Beckett started to see the dawning of his own understanding, but the fact that this was Dr. Rodney McKay talking... A strange and completely foreign thought when he looked back on it...

"They delude themselves into thinking this is what it means to appreciate them. And their mind doesn't register what they're losing. It sees the stars and goes 'Wow, I understand them and love them more' because that's what they think they're supposed to feel. It's all a facade they subconsciously force onto the act of science to justify it." The trouble-prone of the two rested his face on his crossed arms, slouching against the barrier to avoid Carson's questioning gaze as he continued.

"But... realizing that... I wouldn't have it any other way. As futile as it was to learn, it made me finally get that. Once that clicked, I never regretted anything I've done.

"My point is... that there's no point. No point in regretting, angsting, wallowing, none of it. You make a mistake? That's fate. It's our jobs as scientists to make them and supposively to repair them and try again. Don't let not knowing guilt you so you avoid the path you chose in the first place. It's unjust."

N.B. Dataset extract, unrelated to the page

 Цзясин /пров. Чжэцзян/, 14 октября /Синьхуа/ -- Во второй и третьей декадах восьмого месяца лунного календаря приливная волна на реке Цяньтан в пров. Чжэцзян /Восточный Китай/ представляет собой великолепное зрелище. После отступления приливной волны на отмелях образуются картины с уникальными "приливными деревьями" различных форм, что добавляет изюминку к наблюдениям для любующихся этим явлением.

"The Hoffans lost sight of the Without warning, he pushed off the rail and left the balcony without another word, leaving Carson staring at his jacket's back and with his own thoughts.

[SB]

About an hour later, Carson rubbed his eyes, hand running over the right wall as he headed back to his quarters, finally feeling a bit of peace. He came to his door and tore his weary eyes from the floor to open the door.

On the panel was a yellow sticky-note folded over. He picked the paper up and opened it carefully. Inside was what he knew unmistakably as Rodney's untidy scrawl of cursive writing.

'"Post hoc ergo propter hoc" is a lie. Get some sleep.

RM'

Carson pocketed the note, opening his door with a wave of his hand. Instead of his original plan of flopping onto the bed, he walked to the bookshelf of reference books in the corner, running his forefinger over the titles before pulling out an old Latin dictionary. Rodney was barely tri-lingual, speaking his country's native tongue, French, the required American-English, and to understand Ancient, Latin. He grabbed a legal notepad and a pen, jotting down the phrase and being to flip through, looking for the words.

Ten minutes later, he smiled and turned off the light. Post hoc ergo propter hoc; "After, therefore because of." Definitely a lie.

[SB]

Authoress's Notes: Alright, I admit these are my own thoughts on the subject being portrayed through McKay. I took a long walk after the episode aired. I found it very... intriguing. I have a habit of acting out scenes from my fic ideas aloud, and this is what came out.

This was just a little break from my trilogy. Please, don't Hit-The-Zephyr. I'll get back on it right now.

Hope you enjoyed this little one-shot as much as I enjoyed writing it.

Post hoc ergo propter hoc. Scary, no?